_EXERCISE DETAILS:_ Start at the line with "Bewährt hat sich" and print every line through the end of the material below. Keep it exact and free of pictures.

_SOURCE MATERIAL:_
--- START ---

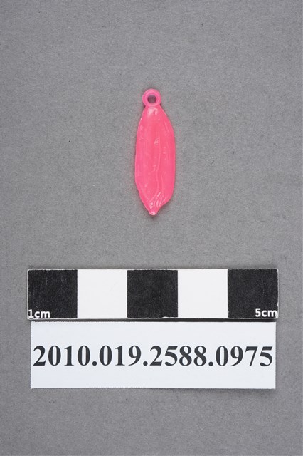1.本物件為蔬菜尪仔仙。硬質塑膠材質,扁平,單一不透明粉紅色,雙面浮雕圖案,兩面圖案相同。圖案為有多層菜葉緊緊包裹在一起,形成圓柱體的半結球蔬菜。有小吊環。2.尪仔仙尺寸大致可分成小、中、大型,小型約長2-5公分,中型約長8-15公分,顏色以單色為主。有些大型的則可長達30公分左右,以菩薩、神仙和民間傳說故事人物等造型為主,塗上金銀紅黃彩漆等亮色。1960、70年代的尪仔仙多以民間傳說故事、歌仔戲、布袋戲人物為造型。1980年代改以卡通、電玩、漫畫人物造型為主。常見玩法之一為兩人(或多人)各持一只尪仔仙,輪流用手指彈射,看誰的尪仔仙先疊在對方上面,便可贏得對方用來對戰或是約定的尪仔仙。
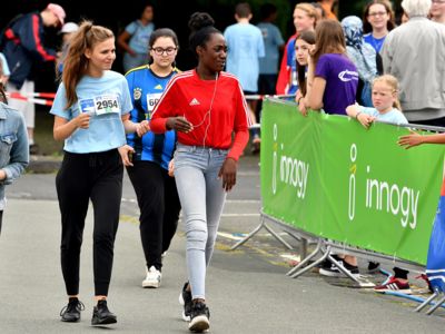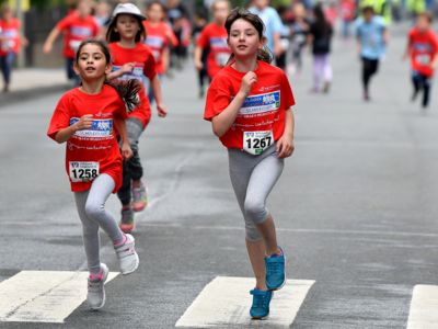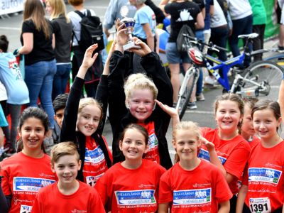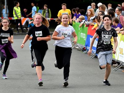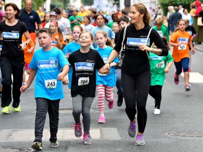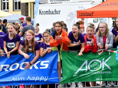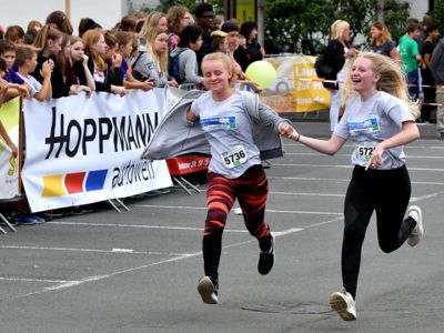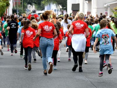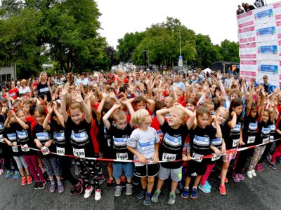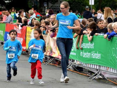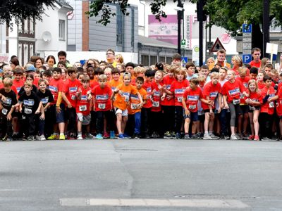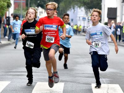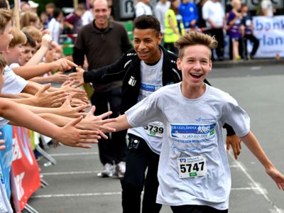 Bewährt hat sich das Sicherheitskonzept, das große Starterfeld in mehrere Einzelläufe aufzuteilen, um so auch die Gefahr von Stürzen zu minimieren. Die über 2.000 Grundschüler hatten knapp 1.000 Meter, die 5.000 Schüler der weiterführenden Schulen 3 Kilometer zu absolvieren. Klar, dass es bei einem solch großen Getümmel bei den Kids auch schon mal den ein oder anderen „Purzelbaum“ gab, doch meist konnten die Kids Dank helfender Lehrerinnen und Lehrer, Mitschüler, oder der vielen umsichtigen Ordnungskräfte an der Strecke wieder weiterlaufen oder wurden mit einem kleinen Pflaster versorgt. Durch eine kleine Schürfwunde vom Laufen abhalten, das kommt nicht in Frage. So antwortete die Drittklässlerin Sarah auf die Frage des Sanitäters, ob sie nicht doch mit zum Krankenwagen kommen wolle, ganz entrüstet: „Nee, ich will aber zuerst ins Ziel laufen!“ Und das tat die Schülerin dann auch, vorsorglich begleitet von dem Rettungsmann.
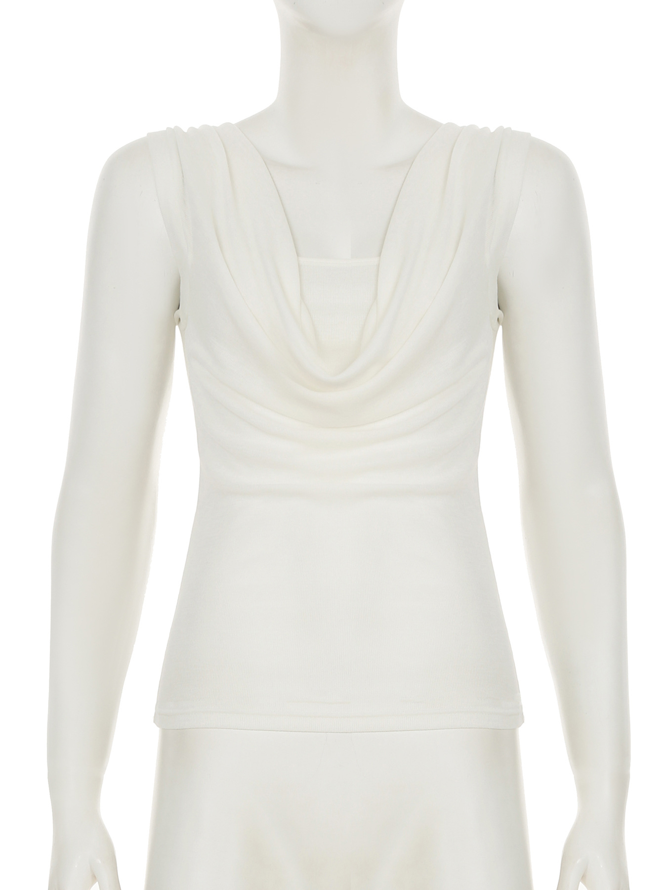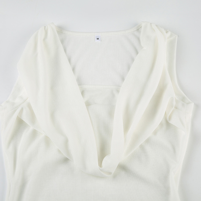 유럽과 미국의 거리 뜨거운 소녀 스타일 가짜 투피스 우아한 주름 허리 스윙 칼라 민소매 티셔츠 단색 간단한 슬림 탑스토어 가기

--- END ---

_ANSWER TO THIS TASK:_
 Bewährt hat sich das Sicherheitskonzept, das große Starterfeld in mehrere Einzelläufe aufzuteilen, um so auch die Gefahr von Stürzen zu minimieren. Die über 2.000 Grundschüler hatten knapp 1.000 Meter, die 5.000 Schüler der weiterführenden Schulen 3 Kilometer zu absolvieren. Klar, dass es bei einem solch großen Getümmel bei den Kids auch schon mal den ein oder anderen „Purzelbaum“ gab, doch meist konnten die Kids Dank helfender Lehrerinnen und Lehrer, Mitschüler, oder der vielen umsichtigen Ordnungskräfte an der Strecke wieder weiterlaufen oder wurden mit einem kleinen Pflaster versorgt. Durch eine kleine Schürfwunde vom Laufen abhalten, das kommt nicht in Frage. So antwortete die Drittklässlerin Sarah auf die Frage des Sanitäters, ob sie nicht doch mit zum Krankenwagen kommen wolle, ganz entrüstet: „Nee, ich will aber zuerst ins Ziel laufen!“ Und das tat die Schülerin dann auch, vorsorglich begleitet von dem Rettungsmann.
 유럽과 미국의 거리 뜨거운 소녀 스타일 가짜 투피스 우아한 주름 허리 스윙 칼라 민소매 티셔츠 단색 간단한 슬림 탑스토어 가기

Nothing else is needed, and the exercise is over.